Ce n’est pas la présentation faite par quatre charmantes dames qui aura atténué  la déception des quelques 150 fidèles qui, pour beaucoup, suivaient ces soirées depuis une dizaine d’années. Soirée festive, quand même, comme d’habitude, puisqu’elle coïncidait avec la parution du dernier ouvrage d’Alain Guyard : 33 Leçons de philosophie, par et pour les Mauvais garçons, aux Editions Le Dilettante.

Ces livres présentés par nos libraires Vauverdois, Gérard et Michel, de La Fontaine aux Livres, seront plus tard, dans la soirée, dédicacés par l’auteur.  

Nous avons retrouvé Alain Guyard pour un entretien à bâtons rompus autour de cet ouvrage.

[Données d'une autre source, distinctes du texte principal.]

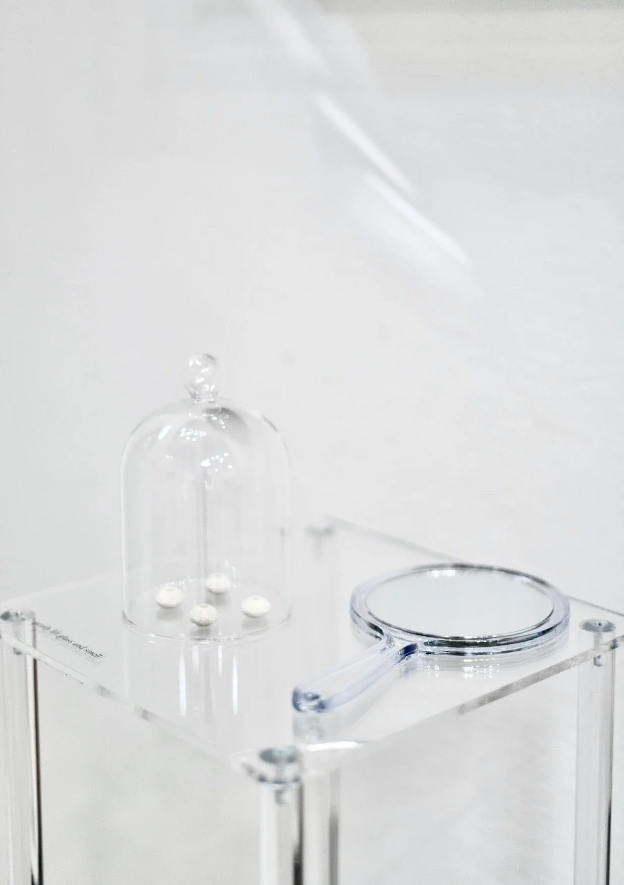 ABCC11 and the Absence of You , 2024 mixed media sculpture: resin, digital collage, paper, human hair, rocks, mirror, scented elements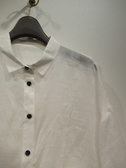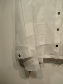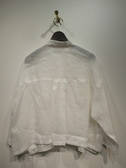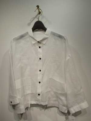 身幅幅広の7分袖のシャツ 後ろ中心にタック入り フロントに大きな貼りポケット ポケットの裾が身頃よりわざと長めに・・裾シルエットがイレギュラーになってます 手洗い可能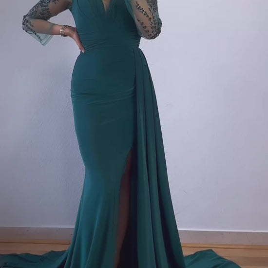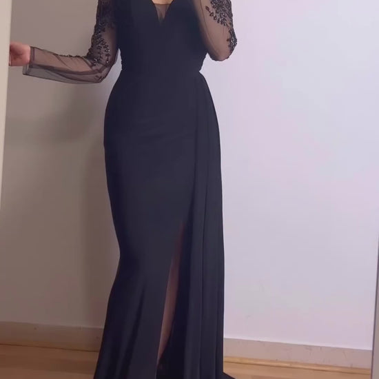Langarm Maxikleid mit Applikationen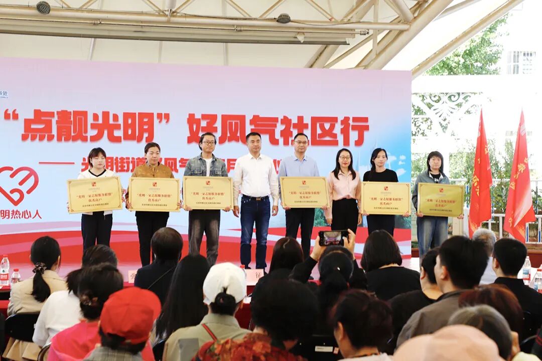 光明街道持续深耕社区好风气建设,一批批“光明热心人”不断涌现。活动现场,光明街道为15名在志愿服务领域表现突出的“光明热心人”颁发荣誉证书,并再现今年以来寄出168封表扬信的场景,致敬那些在志愿服务中默默付出的热心人和群体。6家“光明一家志愿服务联盟”优秀商户上台接受授牌,他们用实际行动,生动诠释了企业的责任与担当。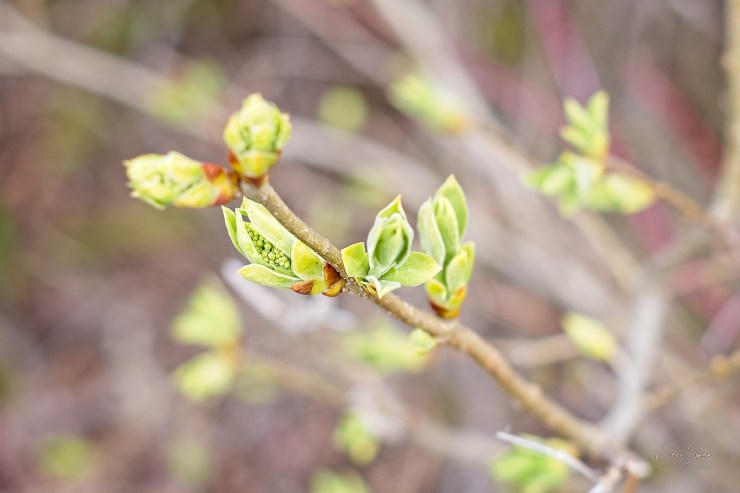 Spring has finally begun to show her colours in our neighbourhood. I went for a walk down Mulberry Lane this morning and noticed that every shrub, tree and twig along the roadside was budding cheerfully.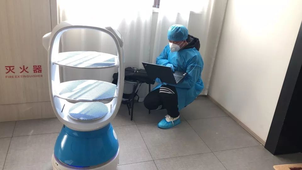 在很多抗疫一线医院内,送餐机器人成了“新员工”。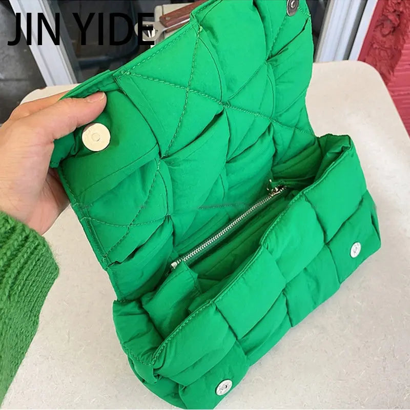 Cotton Women Shoulder Bag Padded Crossbody Space Square Handbag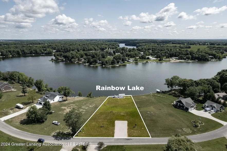 Fully Developed Custom Waterfront! 80 ft of Lakefront All-Sports Private Rainbow Lake Perrinton MI on .76 acres. New cobblestone see wall, lakeside Cabana (w/electric, California door), and charcoal stamped patio. Dock and Hydraulic Tri-toon lift included. Just park and go! Eight car driveway has 18 inches of gravel below crushed stone on top. Maple trees and one Cleaveland pear for shade and beauty. With one of the best views Rainbow Lake has to offer; this property is situated just 30 miles from Lansing, 1 hr 15 min from Grand Rapids and 2 hours from Detroit. Rainbow Lake community has a low HOA fee of $175 a year. RV or tent camping is not allowed on vacant land but there is a primitive camping area in the community available for owners. There is seasonal boat storage available, parks, beaches, pickleball courts, and community events. For your new lake house there is municipal sewer, natural gas and high-speed fiber optic internet. Start creating your lasting memories at the lake with all this property has to offer. *Pictured lot lines are estimated.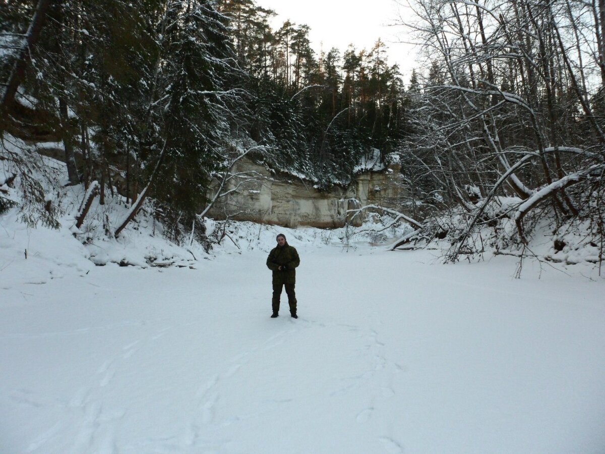 А вот потом настало время задуматься, что же делать дальше. Паники у меня не было - зимой купался регулярно, в прорубях и открытой воде. Но все-таки был сильный мороз, -20, а до машины идти целых полчаса. Хотелось дойти до машины поскорее, а через лес, да еще карабкаясь вверх по склону - это долго... Пошли по льду реки, думали, что так будет быстрее. Как потом оказалось, это была ошибка - река делала много петель, расстояние оказалось большим, да еще по льду шли не очень быстро, так как боялись провалиться снова, я щупал палкой лед везде, хотя родников уже не было. В итоге у машины мы оказались лишь через полчаса. За это время одежда на мне, пропитанная водой, превратилась в лед. Штаны совершенно окаменели, штанины были прямые, как трубы, их можно было ставить вертикально на землю.

Le ton et la façon très « Guyardesque » du dialogue ne doivent donc pas vous surprendre…. ! C’est en toute liberté – la sienne et la nôtre – que nous retranscrivons cette conversation.

Tout d’abord, Alain, tu nous rappelles le titre de cet ouvrage et tu nous dis si c’est un essai, un roman, un recueil de leçons…. ?

AG – Ça s’appelle : 33 leçons de philosophie par et pour les mauvais garçons.  Et c’est édité chez Le Dilettante. C’est pas vraiment un titre, c’est simplement pour décrire l’objet,  parce qu’on a été infoutus de lui en  trouver un. D’autre part, c’est un peu tout ce que tu viens de dire. C’est trente trois leçons qui se déclinent. Je voulais faire comme des exercices d’admiration pour des philosophes que j’aimais bien, Par la suite, je me suis dit qu’il serait plaisant et agréable  d’être vachard et méchant à l’égard de philosophes que j’aimais pas. Au fil du temps, j’ai eu l’impression d’avoir des loupés, aussi je reviens sur des mêmes philosophes. Finalement, je vais un peu dans tous les sens. Pour autant, il n’y a pas que des leçons. A ces exercices théoriques assez amusants pour présenter des philosophes, j’ai trouvé assez croquignole d’ajouter des exercices pratiques.

Tes leçons ne sont pas à recommander aux futurs bacheliers, et tes exercices pratiques sont autant de pousse au crime et de provocations… 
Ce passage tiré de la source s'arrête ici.